To make the view global, you would have to abandon random, at least as far as javascript goes. Things could be shuffled around and how they would be shuffled could be date dependent, but either an algorithm would have to be established, perhaps on the basis of the day of the year (0 to 364 most years), or a set of various possible combinations, one for each day of the week set up so that the user's could all order the content the same way on a given day. No cookie would be required though, and that's a good thing. As with the current scheme, if the user doesn't have javascript, they see the order 'as is' on the page.

However, if one were to use PHP or another server side language, one could randomly sort once every 24hrs or whatever period you liked and all users would see the same thing each time, even if they didn't have javascript enabled.

Either way it would take me a bit of time to figure it out.
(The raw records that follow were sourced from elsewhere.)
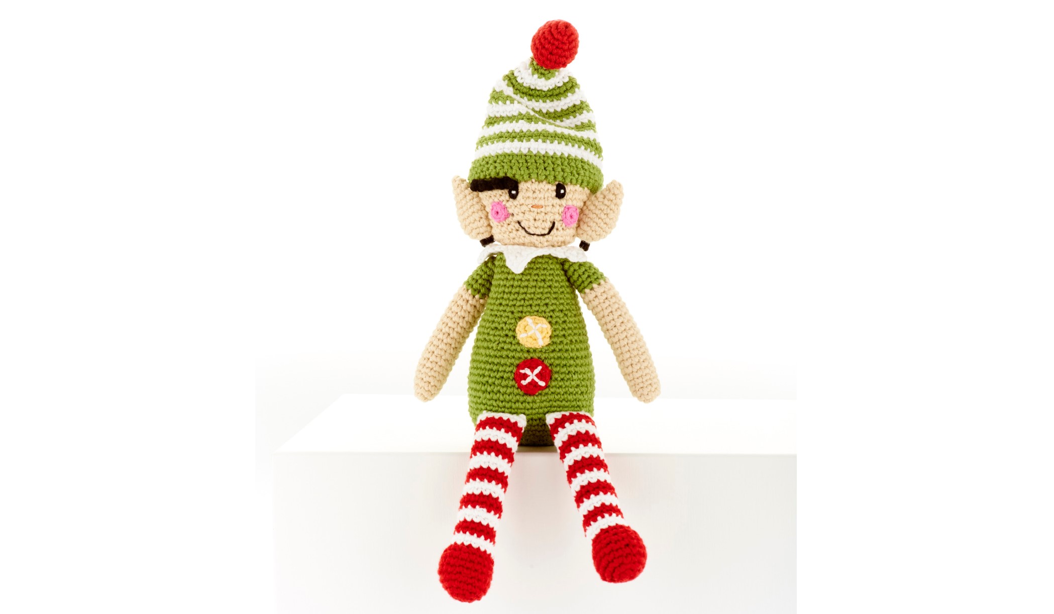 Our green, red and white elf is crocheted from cotton yarn and is suitable from birth and machine washable. Approximate dimensions: 36cm tall including hat by 17cm wide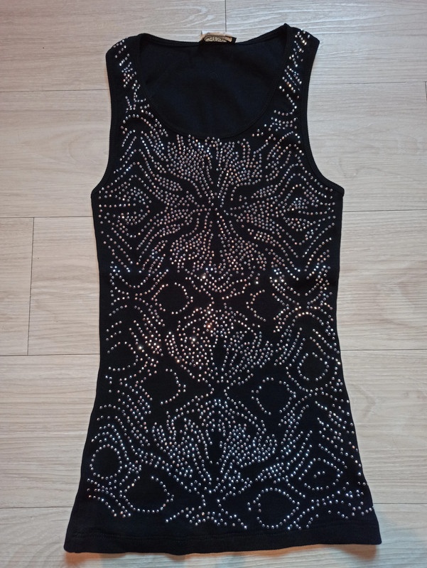 Tílko / top vhodný do společnosti. Velikost není uvedena. Pružný materiál, který se přizpůsobí velikosti S a také M Značka Kikiriki
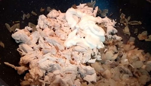 Через пару хвилин заправте начинку сметаною. коли вміст закипить, зменшіть потужність вогню до мінімуму. Тушкуйте під кришкою при тихому кипінні приблизно 5 хвилин. Якщо в начинці з'явиться занадто багато рідини, зніміть кришку і випарити її. Курка з грибами повинні бути розсипчастими.

The timezone to be used for when things should change would be important. If on the server side, the server's zone could be used or converted to the desired zone, if on the client (javascript) side we would have to convert the user's time to UT then back to the desired zone. It would be difficult to have an already loaded page update if the trigger time passed while a user was viewing it. In javascript we could have a poll, in PHP I'm not sure if it could be done without some sort of background process on the server, if even that would work, but we could use a javascript poll for just that part of it.

In fact, various mixtures of server side and client side code could be used.

Unless this is crucial for some reason, it would be far easier to go with what we've already got. And if it truly is crucial, a server side method would be best. Anything that relies upon javascript will not work for users who have it disabled or unavailable, and anything that relies upon the user's clock in any way other than relativistically (as our current code does, but that this could not) would be subject to inaccuracies if the user's clock were set incorrectly.

jimlongo
03-04-2010, 05:58 PM
I think I see the possibilities. Let me see how this works out for now. Thanks for all your help up to his point, I'll check back in when i have some more feedback.